Despite Extremely Bearish EIA Data, Oil Markets Gain on Weaker Dollar
Before the Energy Information Agency’s (EIA) released its closely watched Weekly Petroleum Status Report Feb. 3, oil was trading higher off of comments made by Russian Foreign Minister Sergei Lavrov that hinted at the possibility of Russia and OPEC agreeing to a coordinated crude output cut.
Oil markets had gained in four straight sessions the week prior off similar speculation, although it is doubtful any such curtailment in production is plausible given geopolitical and technical factors, as well as a poor track record for similar actions in the past.
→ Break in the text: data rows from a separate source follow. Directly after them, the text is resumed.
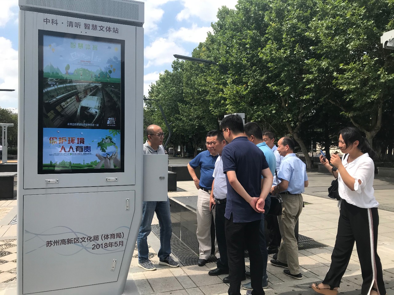◆2018年6月23日,銅陵市銅官區(qū)區(qū)委常委楊友進、區(qū)政府副區(qū)長巫永生、國家獅子山高新區(qū)黨工委書記王基宏、區(qū)委宣傳部常務副部長高鵬、區(qū)招商局長余建國、區(qū)商務局長查日春等一行前往蘇州高新區(qū)馨泰花苑智慧廣場舞示范點,就智慧體育便民設施進行考察。
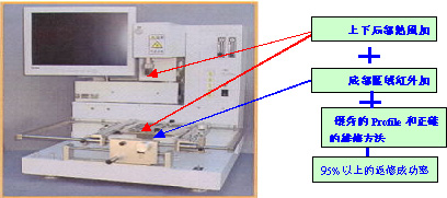 3.全热风(HotAir)和全红外线(IR)式焊接系统都有其自身的优点与缺点,为了避免二者缺陷,我们选择了热风加热为主,红外线焊接为辅(HotAir+IR)的焊接系统<如图(九)>,虽然红外线焊接为主,热风加热为辅的焊接设备在功能上与我们相比美,但其昴贵的价格是我们难以接受的. 1.BGA Rework焊接曲线的优化<如图(十)>
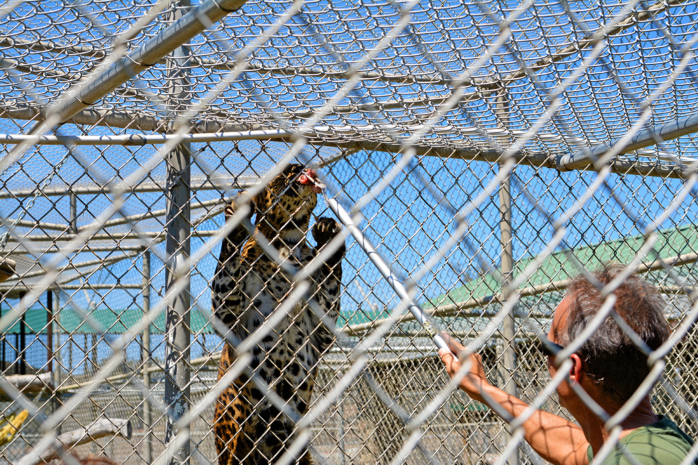 The big draw was the leopard with most of the group holding out to feed this colorful and spotted animal. Because of a generous donor, Conga the leopard had her own enclosed skyway that allowed her to view all action taking place below. She knew it was almost feeding time as she paced back and forth eyeballing the volunteers while waiting for them to arrive with her meal. Showing off her climbing abilities, she easily ascended high on the chain link fence to pick off the food from your outstretched fork.
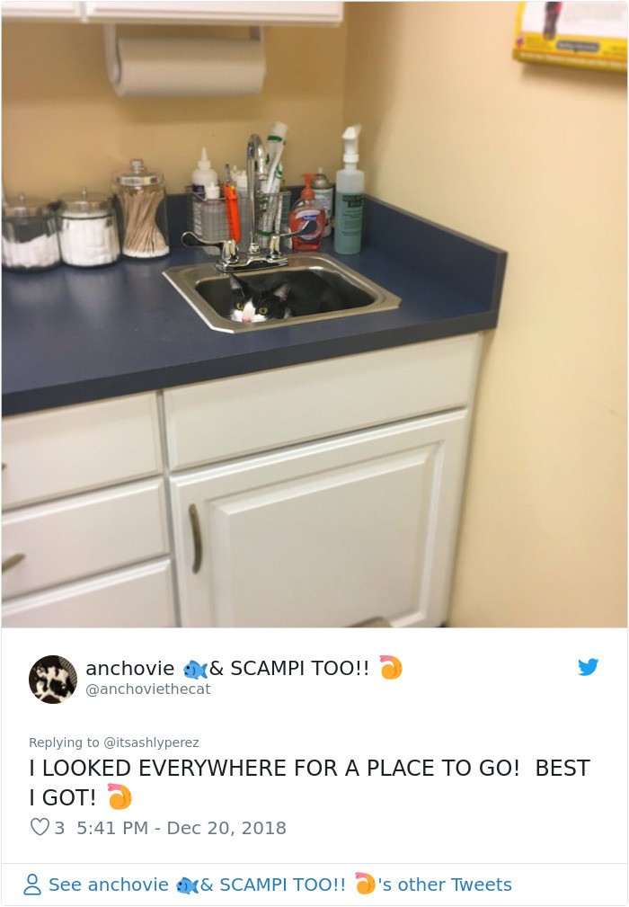 Коты кажутся весьма самоуверенными, самодостаточными и вальяжными созданиями. Но это лишь до того момента, пока они не попадают в приемную ветеринара. Врачебные кабинеты превращают надменных четверолапых задир в растерянных и испуганных существ, которые с ужасом ищут хотя бы какой-нибудь способ спрятаться от приближающейся беды. Впрочем, в ветеринарном кабинете это довольно сложная задача.
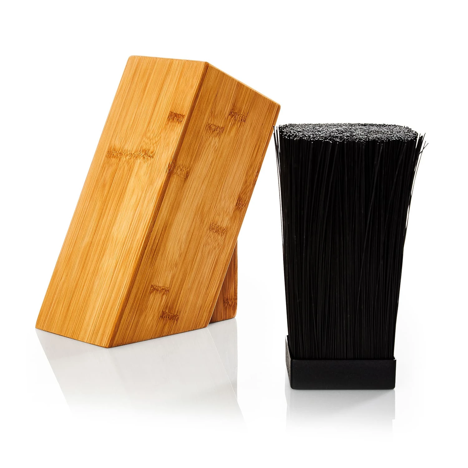 Sicher, praktisch, nachhaltig. Im Klarstein Messerblock sind deine Messer und Küchenutensilien bestens aufbewahrt. Der innovative Einsatz aus PET-Borsten erlaubt das Aufbewahren von 5 bis 10 Messern, Scheren, Wetzstählen und ähnlichem bis 20 cm Länge. Dabei kannst du die Messer ganz nach Belieben in den schrägen Block stecken. Der Einsatz ist herausnehmbar und kann ganz einfach in der Spülmaschine gereinigt werden. Ästhetisch ansprechend und nachhaltig präsentiert sich der Block in einer Hülle aus stabilem Bambus.
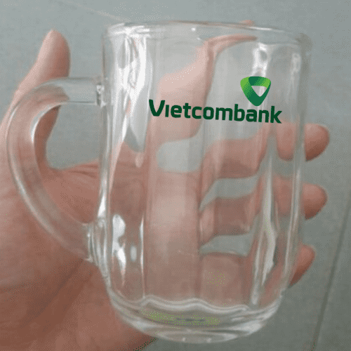 Ly thủy tinh kiểu uống bia lùn có quai này có thể in logo theo in lụa màu mực in rõ nét, không chầy xước, dùng tay cạo không tróc với các in logo nhãn hiệu slogan của các doanh nghiệp lên mặt ly thủy tinh, quà tặng doanh nghiệp in logo đóng gói bao bì sản phẩm theo nhu cầu của khách hàng, dùng làm quà tặng quảng cáo in logo giá rẻ
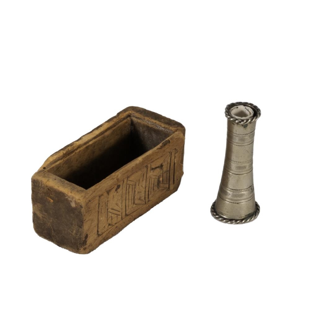 Skúfhólkur. Átti Kristbjörg Jónsdóttir (1851-1927) húsfreyja á Þórustöðum Hvalfj. Strandahreppi, Eftir lát hennar eignaðist dóttir hennar Guðrún Sigtryggsdóttir (1879-1968) húsfreyja á Ingunnarstöðum í Brynjudal í Kjós. Börn hennar gáfu Byggðasafninu hólkinn árið 1971. Er í lítilli tréöskju ágrafinni 7 x 3 x 3,5 cm.
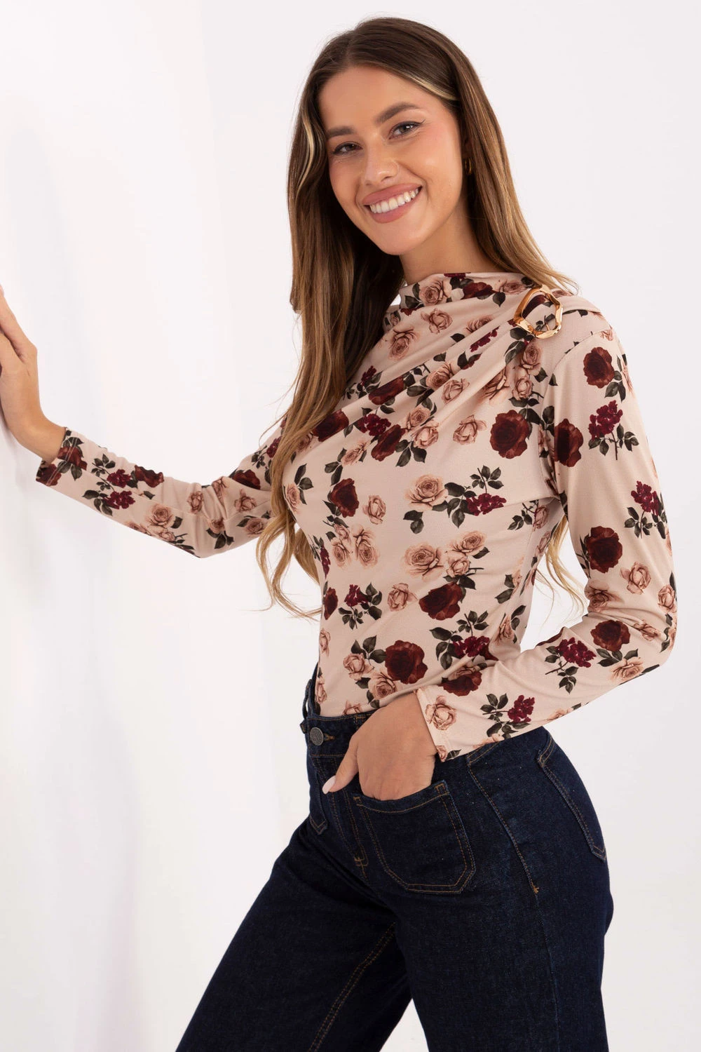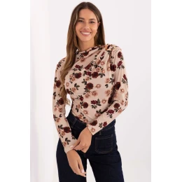 Elegantní dámská halenka s přizpůsobeným střihem je ideální volbou jak do práce, na setkání, tak i na každý den. Vyrobená z příjemné směsi viskózy a polyesteru spojuje pohodlí s odolností. Květinový vzor jí dodává ženský charakter, standardní délka a dlouhý rukáv ji dělají elegantní a nadčasovou. Tekutý výstřih se krásně skládá na postavě, a jemné záhyby na levém rameni, zdobené kovovým špendlíkem, jsou výjimečným akcentem, který zdůrazňuje elegantní styl halenky. Model bez zapínání zajišťuje pohodlí a volnost nošení.
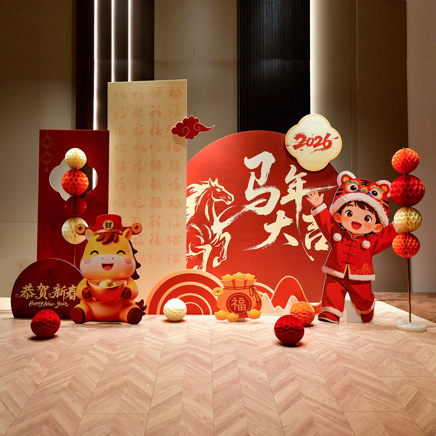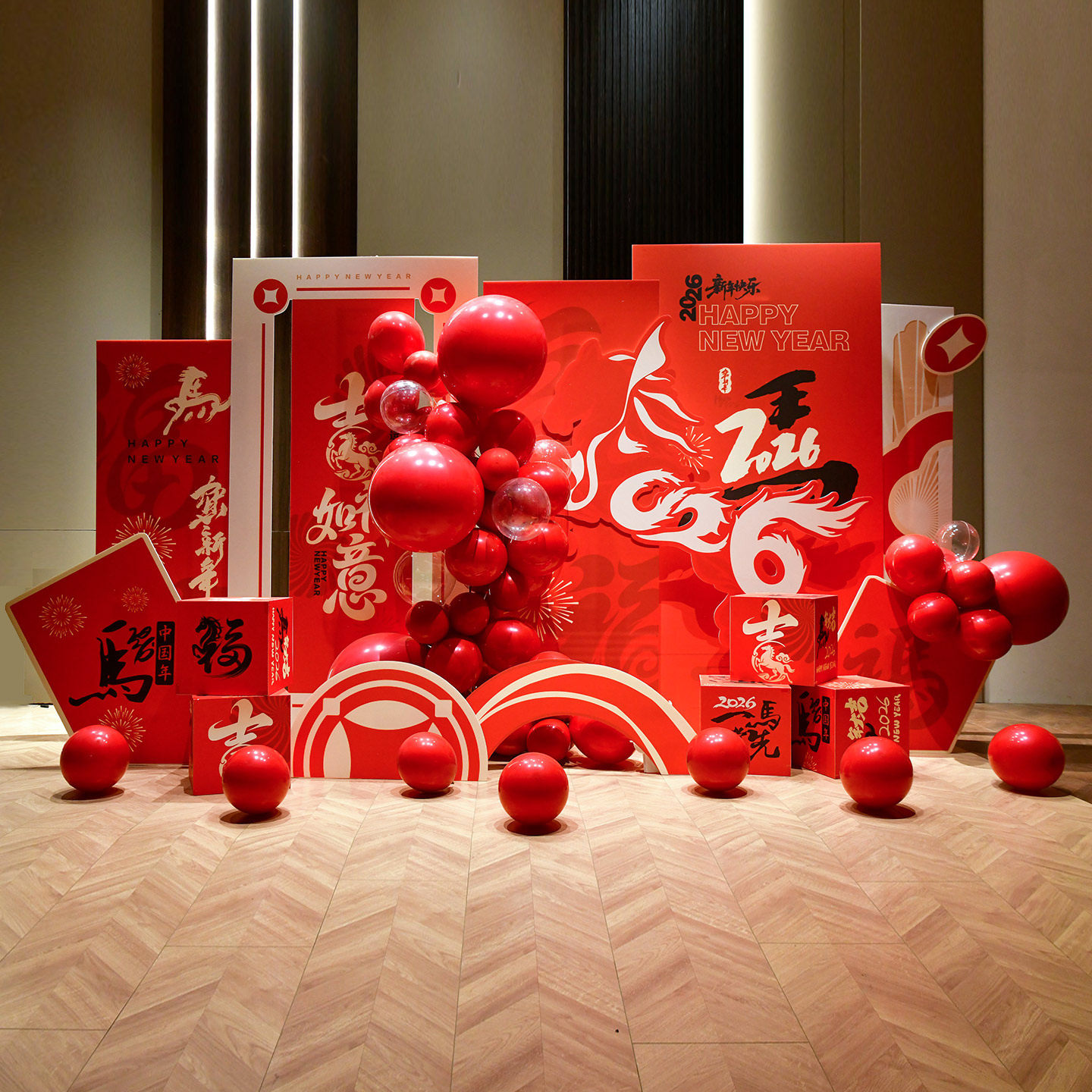 马新年元旦氛围场景布置装饰2026开门红新年展板年会气球kt板背景 - 尤派趣

Oil prices were also lifted by relatively positive economic data from China, the world’s second largest consumer of crude. It was reported Wednesday that the Caixin China services purchasing managers’ index rose to 52.4 in January versus 50.2 in December 2015, which was the highest reading for the non-factory sector in 6 months and indicates a monthly expansion.
As soon as the EIA reported its weekly crude and product inventory numbers, which broke a 34-year record for the highest level of weekly crude inventories (502.7 million barrels), the U.S. benchmark (WTI) front-month contract slipped about 3 percent to $29.80/bbl on the NYMEX. The EIA reported a substantially larger than expected build in crude inventories of 7.8 million barrels, as well as a rise in gasoline stocks of 5.9 million barrels. Despite 12% lower weekly demand for distillates (which includes diesel and heating oil), distillate inventories decreased for the week ending January 29th by 0.8 million barrels (but remain at the upper end of the average range).
As refiners enter a seasonal maintenance period, it is not surprising to see that the overall U.S. refining utilization dropped week/week from 87.4 percent to 86.6 percent. It is interesting to note, however, that the Midwest Region (PADD 2) had an increase in its refining utilization rate from 97.2 percent to 97.4 percent, week over week. At the same time, Cushing, OK crude inventories (located in PADD 2 and the delivery point for the WTI contract) rose by 800,000 barrels. Imports into PADD 2 rose week/week and were 93,000 barrels higher than the same period last year, which can explain the rise in the Midwest refining rate (indicating increased crude demand), yet the increase to stocks at Cushing. The EIA also reported that U.S. crude production remained flat week/week at 9.2 million b/d.
Despite the extremely bearish fundamental picture borne out by the EIA data, oil made large gains on the day based mostly on the weaker dollar. The dollar index on the ICE fell 1.6 percent on market sentiment that the Fed would possibly delay or hold steady any near-term rate increases. The fall of the dollar followed the day's announcement from the Institute for Supply Management that non-manufacturing activity in the U.S. (representing 90 percent of the country’s economic activity) fell from 55.8 in December 2016 to 53.5 in January 2016.
On the NYMEX, the front-month WTI contract settled up 8 percent at $32.28/bbl, while the Brent front-month contract rose by about 7 percent on the ICE to $35.04/bbl.